The depth buffer system in our functional simulator implements all features described in Section 2. We used a depth tile cache of approximately 2 kB, and full precision z-min and z-max culling. Our tests show that compression rates are only marginally affected by the cache size.<sup>2</sup> Similarly, the z-min and z-max culling avoids a given fraction of the depth tile fetches, independent of compression algorithm. Therefore, it should affect all algorithms equally, and not affect the trend of the results.

Most of the compression algorithms have two operational modes. Therefore, we have chosen this as our target. Furthermore, two modes fit well into a two bit tile-table assuming we also need to flag for uncompressed tiles and for fast z clears. It is our opinion that using fast clears makes for a fair comparison of the algorithms. All algorithms can easily handle cleared tiles, which means that our compressors would be favored if this mode was excluded since they have the lowest bit rate.

We evaluate the following compression configurations

- Raw 4x4/8x8: No compression.
- **DDPCM**: The one and two-plane mode (not using "escape codes") of the DDPCM compression scheme from Section 3.2, 8 × 8 pixel tiles. Bit rate: 3/5 bpp (bits per pixel)
- Anchor: The anchor encoding scheme (Section 3.3), 4 × 4 pixel tiles. Note that this is the only compression scheme in the test that only uses one compression mode. One bit-combination in the tile table was left unused. Bit rate: 8 bpp.
- **Plane encoding**: Van Hook's plane encoding mode from section 3.4,  $8 \times 8$  pixel tiles. Only the two and four plane modes were used, since we only allow 2 compression modes.
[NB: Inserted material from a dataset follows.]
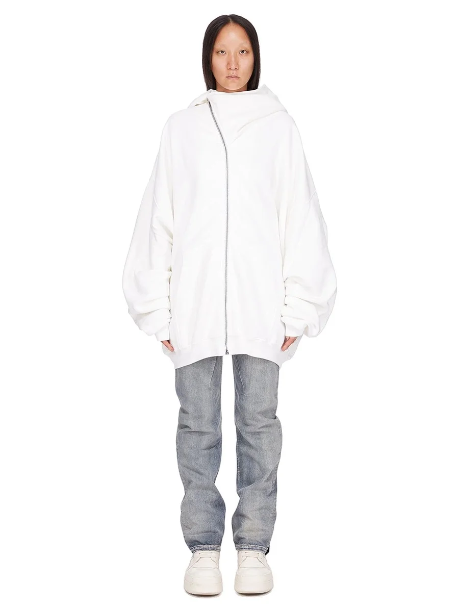 THIS MEGAMOUNTAIN IS BELOW HIP LENGTH WITH LONG SLEEVES AND MEGA OVERSIZED. IT HAS A CURVED ASYMMETRICAL ZIPPER CLOSURE, A SMALL FUNNEL NECK AND A LARGE POINTED HOOD. IT HAS TWO FRONT PATCH POCKETS, AND RIBBED CUFFS AND WAISTBAND.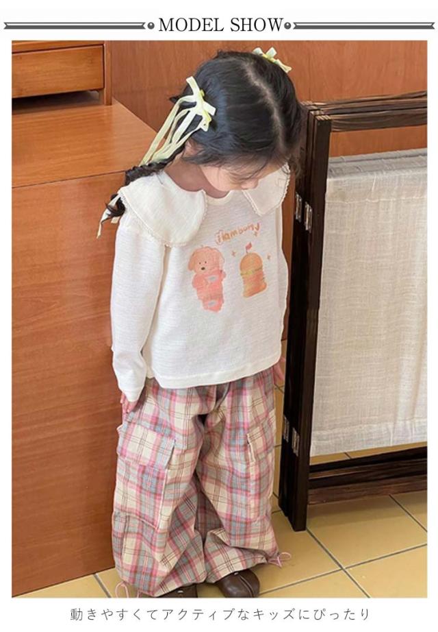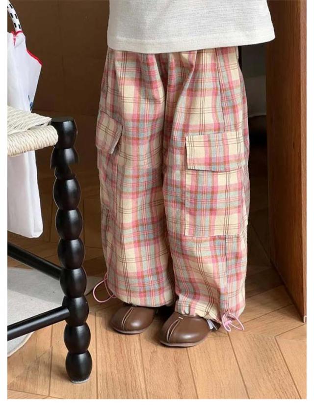 ゆったり 普段着 子供服 ズボン キッズ チェック柄 春秋冬服 カーゴパンツ 女の子 長ズボン 子供服 ストレートパンツ ウエストゴム パンツ ワイドパンツ ロングパンツ キッズパンツ 女の子 通学着 お出かけ着 80 90 100 110 120 130

This algorithm was given a slight favor in form of a 16.6% bigger depth tile cache. Bit rate: 4/7 bpp.
- Plane & depth offset: The plane (Section 3.4) and depth offset (Section 3.5) encoding modes of Orenstein et al, 4 × 4 pixel tiles. Bit rate: 8/16 bpp, 8 bits for the plane mode and 16 bits for the depth offset mode.

 $<sup>^2 \</sup>rm The$  efficiency of all algorithms increased slightly, and equally, with a bigger cache. We tested cache sizes of 0.5, 1, 2 and 4 kb

- Depth Offset 4x4/8x8: Morein and Natale's depth offset compression mode from Section 3.5. We used two compression modes, one using 12 bit offsets, and one with 16 bit offsets. Bit rate: 12/16 bits per pixel for both 4 × 4 and 8 × 8 tiles.
- **Our 4x4/8x8**: Our compression scheme, described in Section 4. For the  $8 \times 8$  tile mode, we used the 192 bit version of the two plane mode in this evaluation. Bit rate: 4/8 bits per pixel for  $4 \times 4$  tiles and 2/3 bits per pixel for  $8 \times 8$  tiles.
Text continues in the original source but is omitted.